Writing a streaming twitter waterflow solution

Publish date: Nov 18, 2013
Last updated: Jan 3, 2025

Tags:

In this post Philip Nilsson describes an inspiring, principled approach to solving a toy problem posed in a programming interview. I wanted to implement a solution to a variant of the problem where we’d like to process a stream. It was pretty easy to sketch a solution out on paper but Philip’s solution was invaluable in testing and debugging my implementation. (See also Chris Done’s mind-melting loeb approach)

My goal was to have a function:

waterStream :: [Int] -> [Int]

that would take a possibly-infinite list of columns and return a stream of known water quantities, where volumes of water were output as soon as possible. We can get a solution to the original problem, then, with

ourWaterFlow = sum . waterStream

Here is the solution I came up with, with inline explanation:

{-# LANGUAGE BangPatterns #-}

-- start processing `str` initializing the highest column to the left at 0, and
-- an empty stack.
waterStream :: [Int] -> [Int]
waterStream str = processWithMax 0 str []

processWithMax :: Int -> [Int] -> [(Int,Int)] -> [Int]
processWithMax prevMax = process
  where
    process []     = const []
    -- output the quantity of water we know we can get, given the column at the
    -- head of the stream, `y`:
    process (y:ys) = eat 1
      where
        eat !n xxs@((offset,x):xs)
           -- done with `y`, push it and its offset onto the stack
           | y < x = process ys ((n,y):xxs)
           -- at each "rise" we can output some known quantity of water;
           -- storing the "offset" as we did above lets us calculate water
           -- above a previously filled "valley"
           | otherwise = let col = offset*(min y prevMax - x) 
                             cols = eat (n+offset) xs
                          -- filter out zeros:
                          in if col == 0 then cols else col : cols
        -- if we got to the end of the stack, then `y` is the new highest
        -- column we've seen.
        eat !n [] = processWithMax y ys [(n,y)]

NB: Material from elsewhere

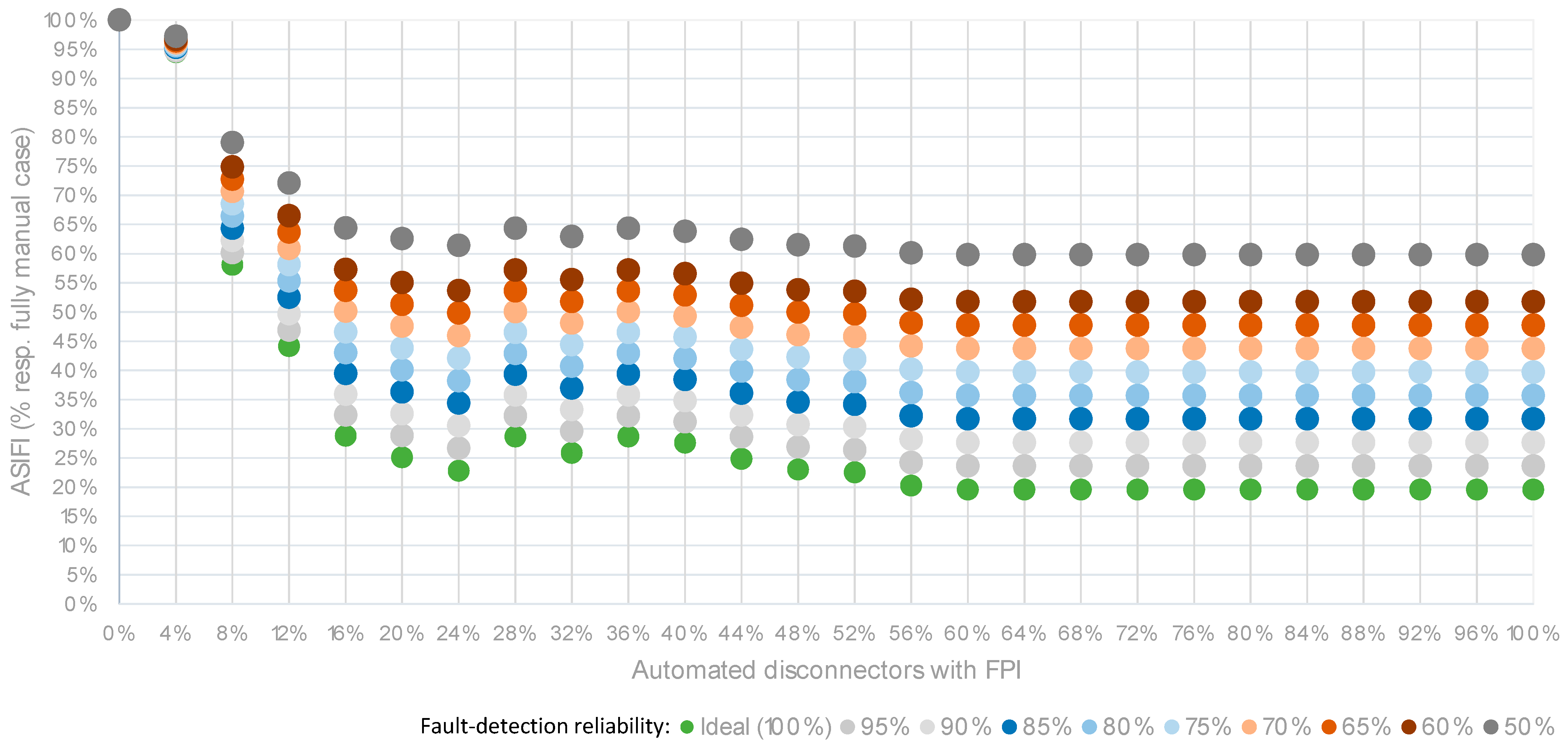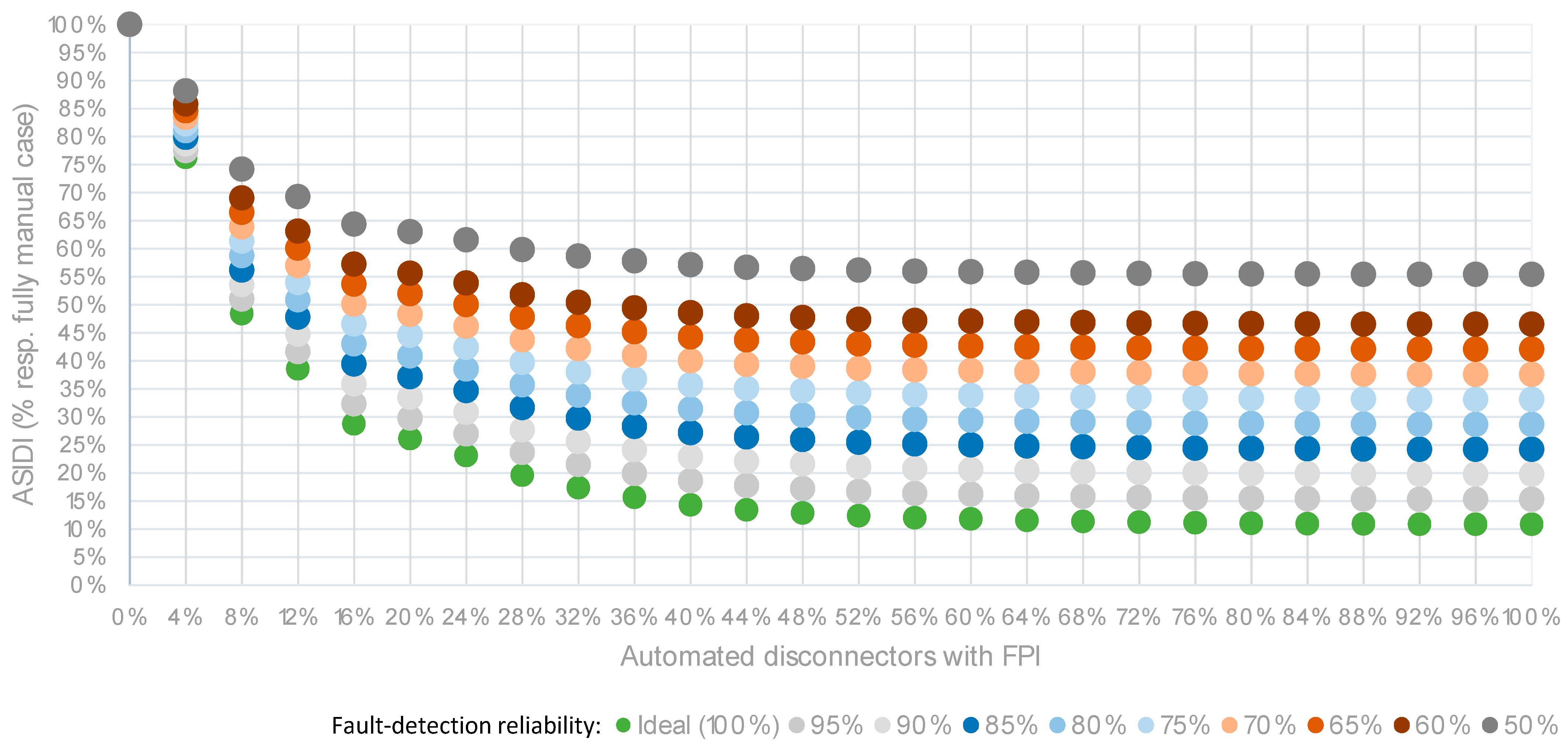 Figure 17 illustrate the results obtained for ASIDI, ASIFI, and ENS, respectively, for the different levels of automation considered, expressed in relative terms with respect to the baseline manual case, and incorporating the results for a range of reliability values of fault-detection systems (for clarity, only values for the high annual fault rate are included). The graphics, which complement

The bit about “offsets” is the tricky part which I don’t know how to explain without a pretty animation.

Correctness

It took me much longer than I was expecting to code up the solution above that worked on a few hand-drawn test cases, and at that point I didn’t have high confidence that the code was correct, so I turned to quickcheck and assert.

First I wanted to make sure the invariant that the “column” values in the stack were strictly increasing held:

 import Control.Exception (assert)

     ...
   --process (y:ys) = eat 1
     process (y:ys) stack = assert (stackSane stack) $ eat 1 stack
     ...

Then I used Philip’s solution (which I had confidence in):

waterFlow :: [Int] -> Int
waterFlow h = sum $ 
  zipWith (-) 
    (zipWith min (scanl1 max h) (scanr1 max h))
    h

to test my implementation:

*Waterflow> import Test.QuickCheck
*Waterflow Test.QuickCheck> quickCheck (\l -> waterFlow l == ourWaterFlow l)
*** Failed! Falsifiable (after 21 tests and 28 shrinks):     
[1,0,0,0,1]

Oops! It turned out I had a bug in this line (fixed above):

                           --old buggy:
                           --cols = eat (n+1) xs
                           --new fixed:
                             cols = eat (n+offset) xs

Performance

The solution seems to perform pretty well, processing 1,000,000 Ints in 30ms on my machine:

import Criterion.Main

main = do
    gen <- create
    rs <- replicateM 1000000 $ uniformR (0,100) gen
    defaultMain [ bench "ourWaterFlow" $ whnf ourWaterFlow rs

I didn’t get a good look at space usage over time, as I was testing with mwc-random which doesn’t seem to support creating a lazy infinite list of randoms and didn’t want to hunt down another library. Obviously on a stream that simply descends forever, our stack of (Int,Int) will grow to infinite size.

It seems as though there is a decent amount of parallelism that could be exploited in this problem, but I didn’t have any luck on a quick attempt.

Thoughts?

Have a parallel solution, or something just faster? Or an implementation that doesn’t need a big stack of previous values?